What you need to do
Give again, exactly as written, each line of the material below starting at the line that contains "千思装饰被武汉东湖新技术开发区人民法院列为被执行人" and ending at the line that contains "春日井特産のさぼてんをすって、ひき肉とタコスチップをトッピング". Both ends count, and no other line does.

Listed records Block Start

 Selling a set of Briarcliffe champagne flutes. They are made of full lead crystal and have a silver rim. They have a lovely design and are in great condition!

Listed records Block End
Listed records Block Start

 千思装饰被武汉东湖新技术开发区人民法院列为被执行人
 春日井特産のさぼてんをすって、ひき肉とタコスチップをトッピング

Listed records Block End

Response area
 千思装饰被武汉东湖新技术开发区人民法院列为被执行人
 春日井特産のさぼてんをすって、ひき肉とタコスチップをトッピング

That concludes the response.